Access regulation using Part IIIA undertakings

Part IIIA of the Act is the primary legislation governing access to infrastructure services throughout Australia. It is designed to address concerns through a public assessment process in industries where an infrastructure asset with natural monopoly characteristics forms a bottleneck for firms operating in upstream or downstream markets.

In the ACCC’s experience, the access undertaking provisions of Part IIIA are effective in facilitating the efficient use of, and investment in, infrastructure and competition in related markets.

However the ACCC is unable to compel parties to offer access undertakings pursuant to Part IIIA. Like section 87B undertakings, Part IIIA undertakings are voluntary. Nevertheless governments have the ability, when offering the right to operate monopoly infrastructure, to require that the successful bidder must offer a Part IIIA access undertaking which is acceptable to the ACCC.
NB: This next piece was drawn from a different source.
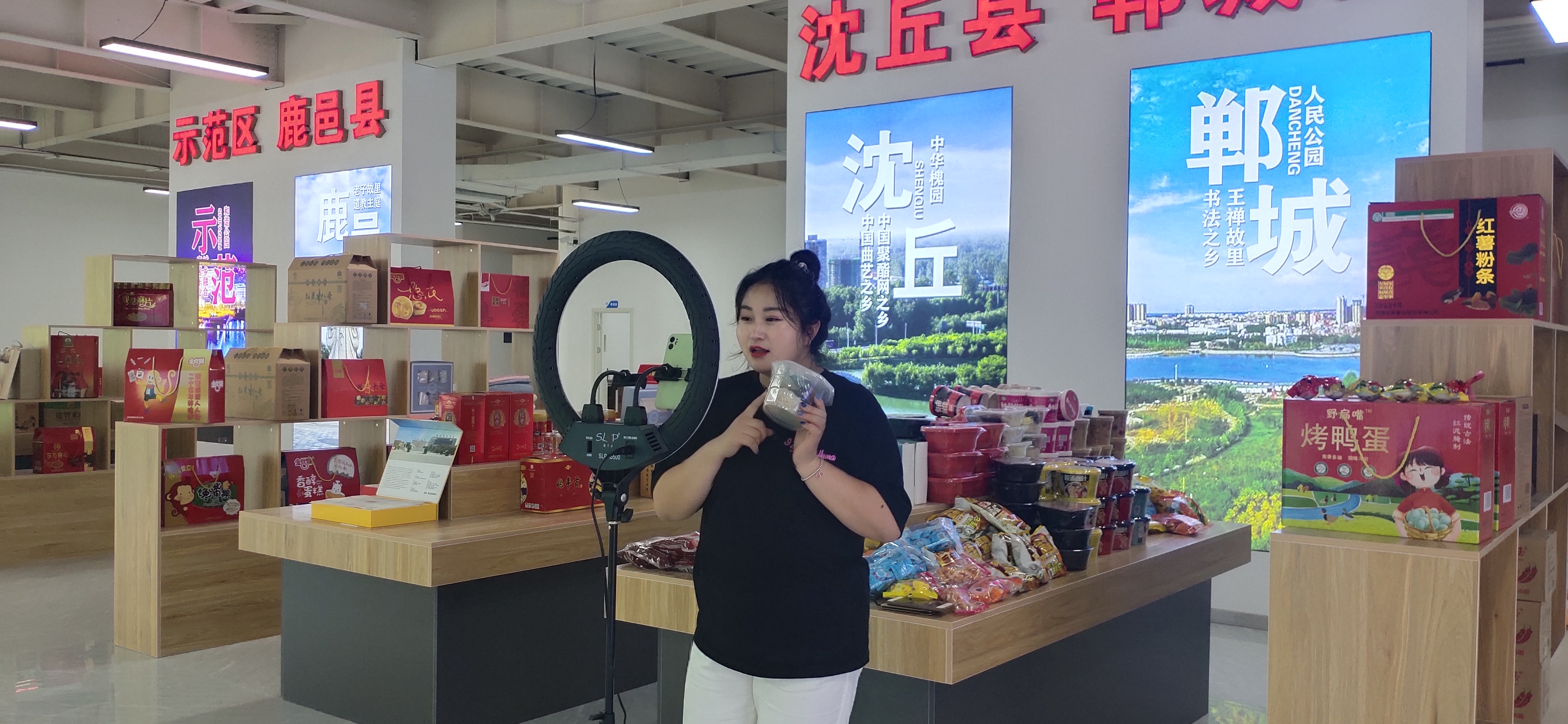 盛夏時節(jié),記者走進周口市直播電商產(chǎn)業(yè)基地,只見偌大的中心展廳內(nèi),一個個“網(wǎng)紅”正在現(xiàn)場直播帶貨,宣傳推介周口特色產(chǎn)品。

“If governments continue to privatise monopoly assets without requiring appropriate regulatory regimes, such as Part IIIA undertakings or robust State or Territory access regimes, this concern will be perpetuated and may result in inflating costs in downstream markets and ultimately higher prices for end consumers.” Mr Sims said.

The ACCC strongly encourages governments and potential acquirers of monopoly infrastructure assets to engage with the ACCC in future to ensure that competition issues arising from privatisations are addressed and considered in a timely way by Part IIIA access undertakings.

The undertaking will be available on the public register.